Walter [5] presents an example of a matched case control study with 104 matched sets, each with a single case, 27 containing a single control and 77 containing two controls. Using the sample estimate of a discordant control pair from the sets with two controls, it is estimated that ${\hat{ψ}}^{*} = 0.385$ . For a design with 104 matched sets with ∑_i m_i = 181 and $Σ_{i} m_{i}^{2} = 355$ , Walter’s (37) provides an estimate of power = 0.57 to detect a difference of Δ = 0.1 in the probability of a positive covariate value among cases versus controls.

To examine the agreement with the more general expressions herein, power was calculated using (38) and Walter’s (37) over a range of values 0.15 ≤ π₁ ≤ 0.55 with corresponding π₂ = π₁ −0.1, and π₀ = π₁ −0.05. For all of these cases, since Δ = 0.1, Walter’s equation yields power of 0.57. The following are the corresponding odds ratios for each value of π₀, and the corresponding level of power:

\begin{matrix} π_{0} & 0.10 & 0.15 & 0.20 & 0.25 & 0.30 & 0.35 & 0.40 & 0.45 & 0.50 \\ OR & 3.353 & 2.250 & 1.889 & 1.714 & 1.615 & 1.556 & 1.519 & 1.500 & 1.494 \\ Power & 0.899 & 0.754 & 0.657 & 0.593 & 0.550 & 0.521 & 0.502 & 0.492 & 0.488 \end{matrix}

(41)

As π₀ decreases below 0.25 (or increases above 0.75) the odds ratio for a fixed Δ = 0.1 increases exponentially and so does power. Walter’s method does poorly in this case. Similar results are obtained for other values of Δ, Walter’s method underestimating power for π₀ < 0.25 (> 0.75), and increasingly overestimating power as π₀ approaches 0.5.

5. DISCUSSION

This paper describes the power of the score test in the conditional logistic regression model, or the Cox proportional hazards model with the Cox adjustment for ties and stratified sets, that can be applied to a study with any numbers of cases and controls or to the case where sets are sampled from a distribution of cases and controls within sets. For example, suppose that the distribution of (d_i, m_i) for the Hosmer-Lemeshow study presented in (39) represents the population of possible sets of cases and controls.
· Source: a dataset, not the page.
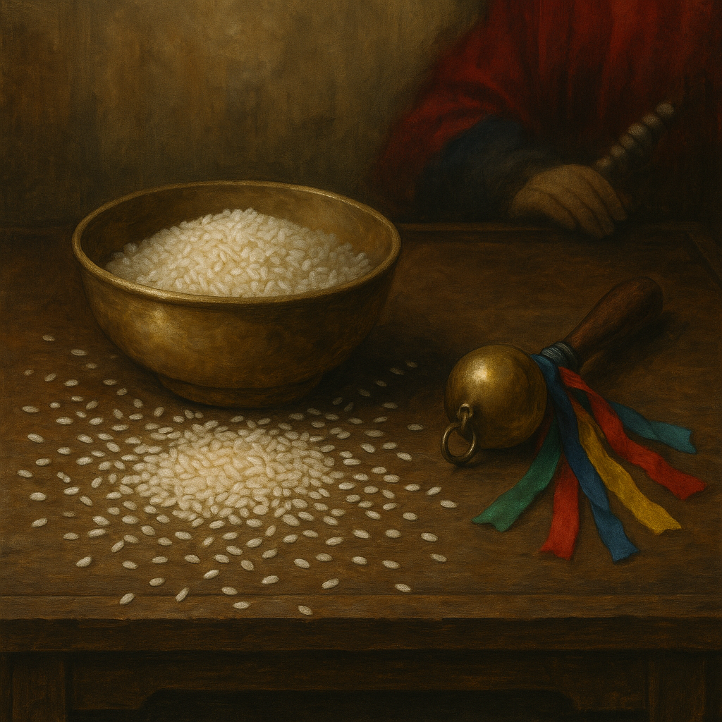 모든 것을 꿰고 있는 듯한 무당은 곧 타령 같기도 주문 같기도 한 말을 중얼거렸다. 시어머니는 그 말을 듣고 눈이 휘둥그레져 얼른 뛰어 들어갔다. 엎드려 절하고 비나이다 손을 비비며 기도드렸다. 한참 방울을 흔들던 무당이 쌀을 한 줌 움켜쥐더니 상 위로 뿌렸다.

From (40), the mean contribution among sets to I(θ₀) is 51.2615/17 = 3.0154. Then the above expressions could be generalized to provide the power of a study with N sets sampled at random from this distribution. For example, for the test of the effect of a history of urinary tract infection, then the value of I(θ₀) with N = 25 such sets would be I(θ₀) = 25 * (0.1275)(3.0154) = 9.6115 that would provide 90% power to detect an odds ratio of 2.845. This strategy could be employed when the distribution of numbers of cases and controls is unknown but the mean numbers, and approximately the mean factor, can be specified.

In many cases, such as the study described by Hosmer and Lemeshow, the objective is to evaluate multiple risk factors simultaneously, or the effect of one risk factor adjusted for other covariates. In this case, the score test is a C_α test. In principle, the power function for this test could also be derived for a given covariance matrix of the parameter estimates evaluated under the null hypothesis for the one factor of interest. This would be algebraically and computationally tedious.

Alternately, it seems reasonable to employ a deflation factor in conjunction with a univariate assessment. Let ${\hat{β}}_{x}$ denote the estimate of the coefficient for the risk factor of interest X in a univariate unadjusted model with information function $I ({\hat{β}}_{x})$ and corresponding variance of the estimate $V ({\hat{β}}_{x})$ . Then let ${\hat{β}}_{x ∣ z}$ denote the coefficient estimate in a model adjusted for a vector of other covariates Z, where $R_{x ∣ z}^{2}$ is the coefficient of determination for the regression of X on Z. Hsieh and Lavori [16] then obtain the covariate adjusted variance as

V ({\hat{β}}_{x ∣ z}) = V ({\hat{β}}_{x}) {[1 - R_{x ∣ z}^{2}]}^{- 1} = {(I ({\hat{β}}_{x}) [1 - R_{x ∣ z}^{2}])}^{- 1} .

(42)

Likewise, the expressions herein would be modified to employ $I (θ_{0}) [1 - R_{x ∣ z}^{2}]$ . This approach was also recently shown by Bernardo et al. [20] to apply to the power function of the score test in an exponential regression model for survival data.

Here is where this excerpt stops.